- [What the task asks]
Using the listing below, print the line containing "Visita a Segovia", the line containing "FONTANA 7637, Campeón", and each line between them, exactly and nothing else. Pictures stay out of the print.

- [Information supplied]
Segment Open

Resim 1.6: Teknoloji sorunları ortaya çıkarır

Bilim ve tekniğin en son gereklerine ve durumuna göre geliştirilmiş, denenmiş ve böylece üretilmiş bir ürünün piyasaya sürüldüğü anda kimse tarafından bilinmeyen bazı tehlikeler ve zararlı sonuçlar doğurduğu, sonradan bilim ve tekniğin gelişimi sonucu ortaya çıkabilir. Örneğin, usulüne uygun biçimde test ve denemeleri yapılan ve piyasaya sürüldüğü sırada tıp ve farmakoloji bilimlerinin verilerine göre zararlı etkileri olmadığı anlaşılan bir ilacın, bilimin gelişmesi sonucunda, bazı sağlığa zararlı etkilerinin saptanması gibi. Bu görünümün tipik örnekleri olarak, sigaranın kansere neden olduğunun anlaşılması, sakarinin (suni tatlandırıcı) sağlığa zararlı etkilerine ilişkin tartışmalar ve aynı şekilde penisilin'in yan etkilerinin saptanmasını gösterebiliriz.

Segment Closed
Segment Open

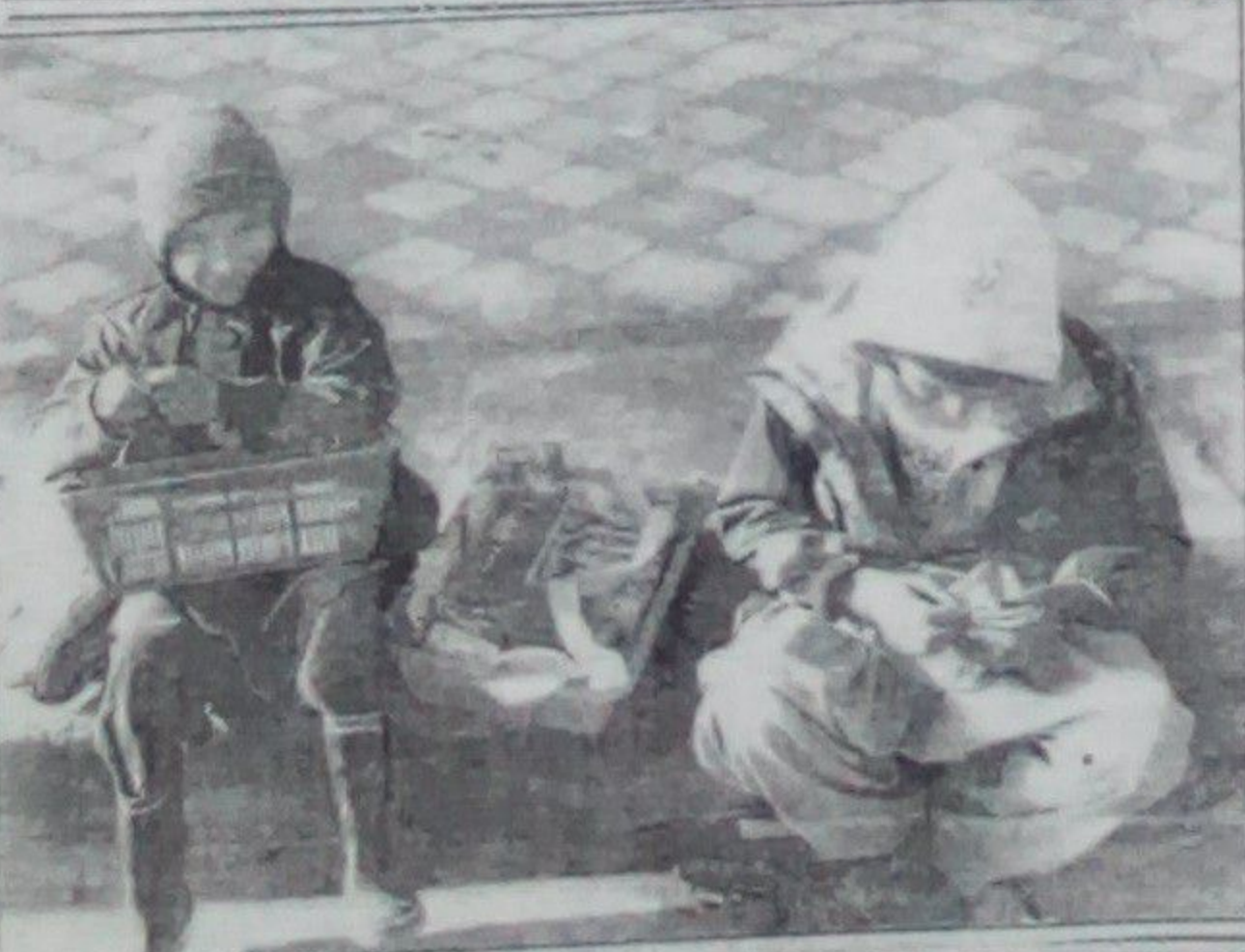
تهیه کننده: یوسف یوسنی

Segment Closed
Segment Open

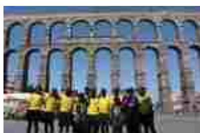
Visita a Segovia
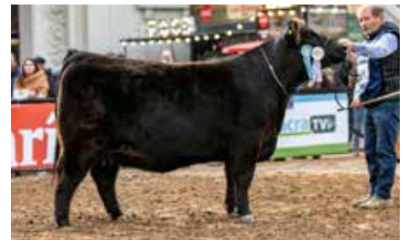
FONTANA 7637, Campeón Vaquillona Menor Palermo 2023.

Segment Closed

- [Result of the task]
Visita a Segovia
FONTANA 7637, Campeón Vaquillona Menor Palermo 2023.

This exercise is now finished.